CloudEvents simplifies interoperability by providing a common event schema for publishing, and consuming cloud based events. This schema allows for uniform tooling, standard ways of routing & handling events, and universal ways of deserializing the outer event schema. With a common schema, you can more easily integrate work across platforms.

Here's an example of an Azure Blob Storage event in CloudEvents format:

{
    "specversion": "1.0",
    "type": "Microsoft.Storage.BlobCreated",  
    "source": "/subscriptions/{subscription-id}/resourceGroups/{resource-group}/providers/Microsoft.Storage/storageAccounts/{storage-account}",
    "id": "9aeb0fdf-c01e-0131-0922-9eb54906e209",
    "time": "2019-11-18T15:13:39.4589254Z",
    "subject": "blobServices/default/containers/{storage-container}/blobs/{new-file}",
    "dataschema": "#",
    "data": {
        "api": "PutBlockList",
        "clientRequestId": "4c5dd7fb-2c48-4a27-bb30-5361b5de920a",
        "requestId": "9aeb0fdf-c01e-0131-0922-9eb549000000",
        "eTag": "0x8D76C39E4407333",
        "contentType": "image/png",
        "contentLength": 30699,
        "blobType": "BlockBlob",
        "url": "https://gridtesting.blob.core.windows.net/testcontainer/{new-file}",
        "sequencer": "000000000000000000000000000099240000000000c41c18",
        "storageDiagnostics": {
            "batchId": "681fe319-3006-00a8-0022-9e7cde000000"
        }
    }
}

A detailed description of the available fields, their types, and definitions in CloudEvents v1.0 is available here.

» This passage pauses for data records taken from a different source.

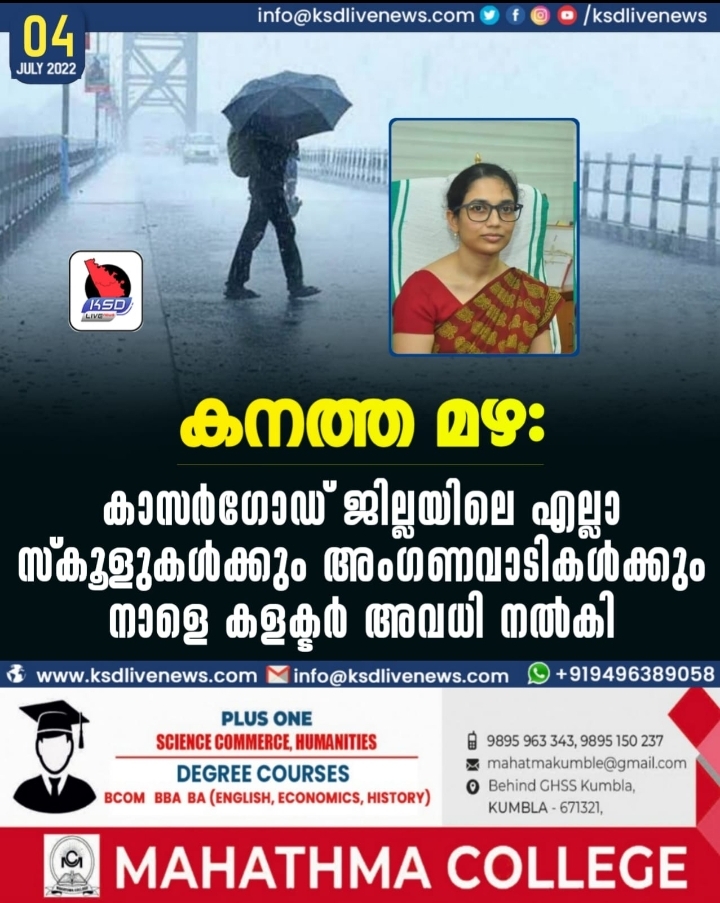 കനത്ത മഴ: കാസർഗോഡ് ജില്ലയിലെ എല്ലാ സ്കൂളുകൾക്കും അംഗണവാടികൾക്കും നാളെ കളക്ടർ അവധി നൽകി
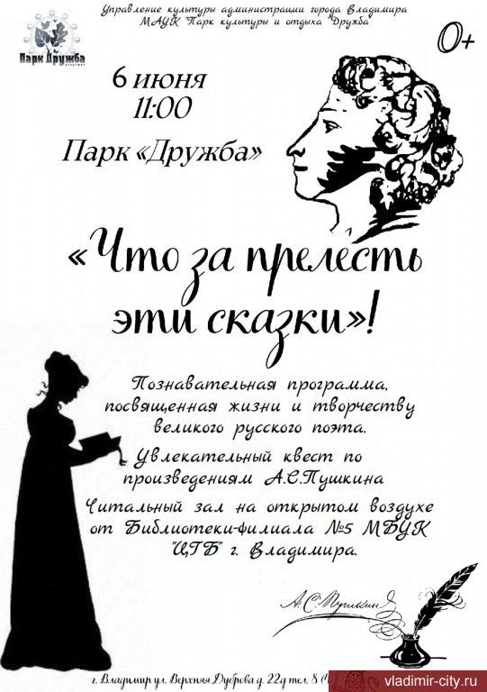 6 июня в парке культуры и отдыха «Дружба» состоится Пушкинский праздник для детей «Что за прелесть эти сказки!».
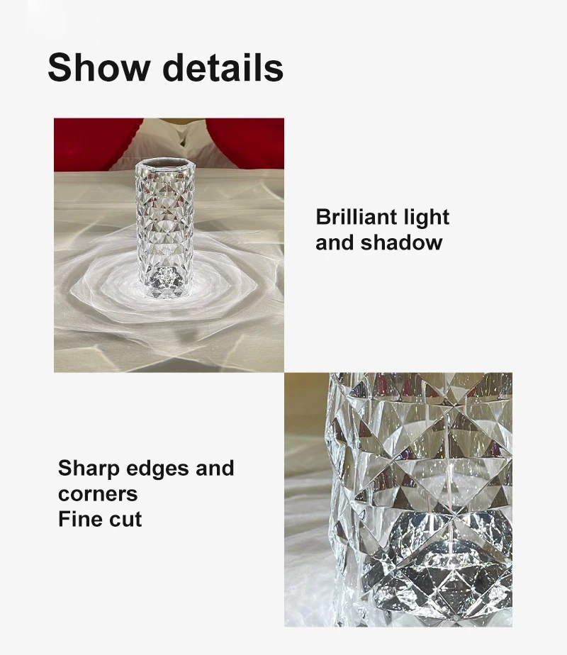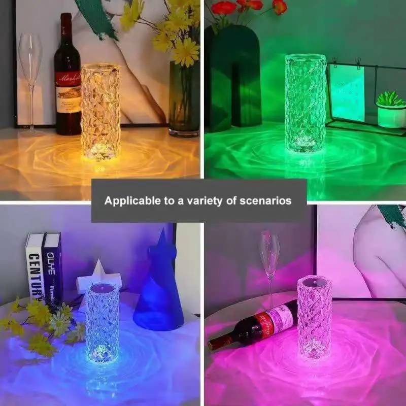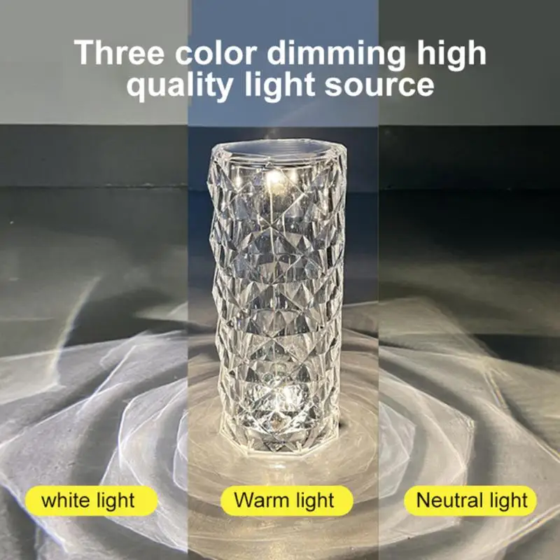Diamond Crystal Table Lamp 3 Colors Adjustable Romantic Rose Light Projector Atmosphere Light Home Bedroom Touch Night Light
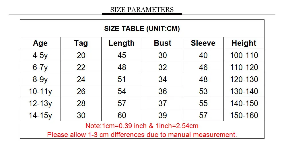 Size Chart Us Size 18 M 24 M 3 T 4 T 5 T Shoulder 23cm 24cm 24.5cm 25cm 26cm Sleeved 31cm 34cm 36cm 37.5cm 39cm Bustline 27*2cm 28*2cm 30*2cm 31*2cm 32*2cm Length 34cm 35cm 37cm 39cm 41cm Suggest Height … Read More
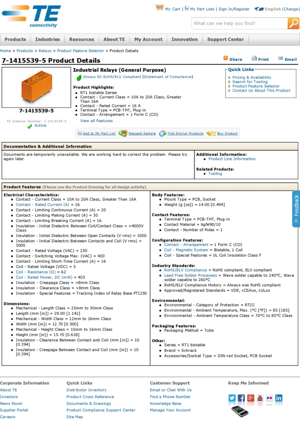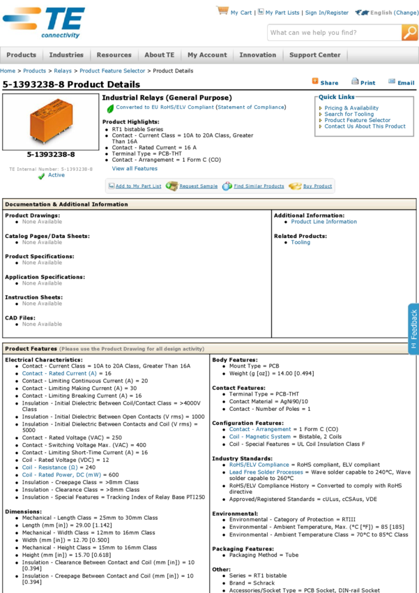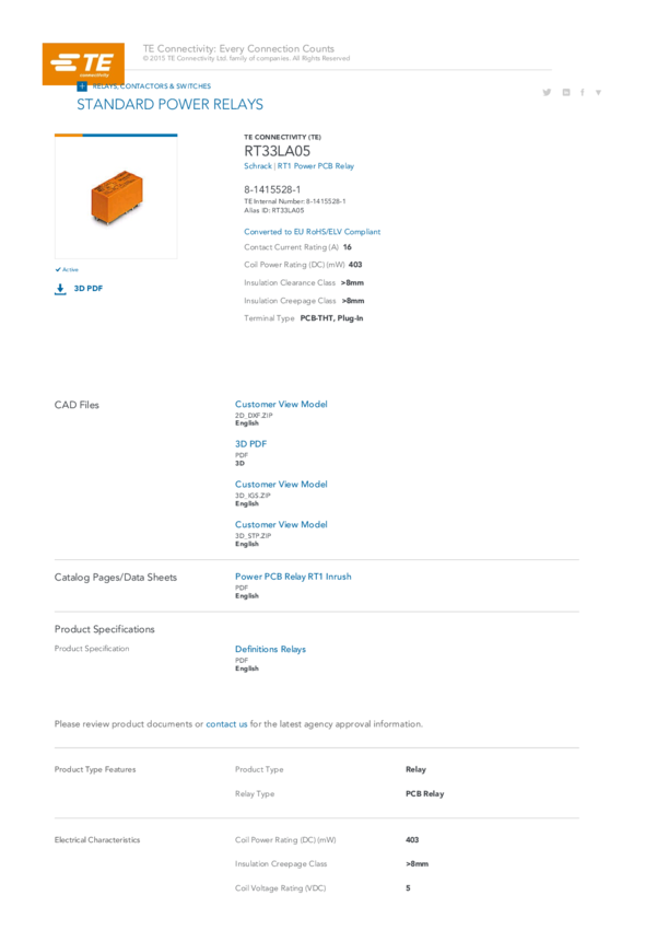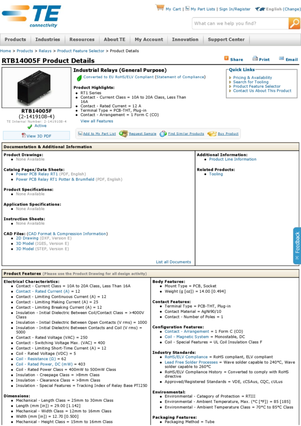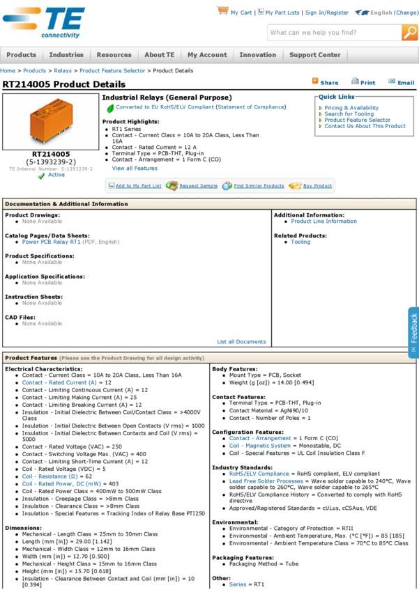 Electromechanical SPDT 16A 5V 62Ohm Thru-Hole

The headers values for events delivered in the CloudEvents schema and the Event Grid schema are the same except for content-type. For CloudEvents schema, that header value is "content-type":"application/cloudevents+json; charset=utf-8". For Event Grid schema, that header value is "content-type":"application/json; charset=utf-8".

You can use Event Grid for both input and output of events in CloudEvents schema. You can use CloudEvents for system events, like Blob Storage events and IoT Hub events, and custom events. It can also transform those events on the wire back and forth.

Explore event delivery durability

Event Grid provides durable delivery. It tries to deliver each event at least once for each matching subscription immediately. If a subscriber's endpoint doesn't acknowledge receipt of an event or if there's a failure, Event Grid retries delivery based on a fixed retry schedule and retry policy. By default, Event Grid delivers one event at a time to the subscriber, and the payload is an array with a single event.

An image

Retry schedule

When Event Grid receives an error for an event delivery attempt, Event Grid decides whether it should: retry the delivery, dead-letter the event, or drop the event based on the type of the error.

If the error returned by the subscribed endpoint is a configuration-related error that can't be fixed with retries, Event Grid will either: perform dead-lettering on the event, or drop the event if dead-letter isn't configured.

The following table describes the types of endpoints and errors for which retry doesn't happen:

Endpoint Type	Error codes
Azure Resources	400 (Bad request), 413 (Request entity is too large)
Webhook	400 (Bad request), 413 (Request entity is too large), 401 (Unauthorized)

An image

If the error returned by the subscribed endpoint isn't among the previous list, Event Grid waits 30 seconds for a response after delivering a message. After 30 seconds, if the endpoint hasn’t responded, the message is queued for retry. Event Grid uses an exponential backoff retry policy for event delivery.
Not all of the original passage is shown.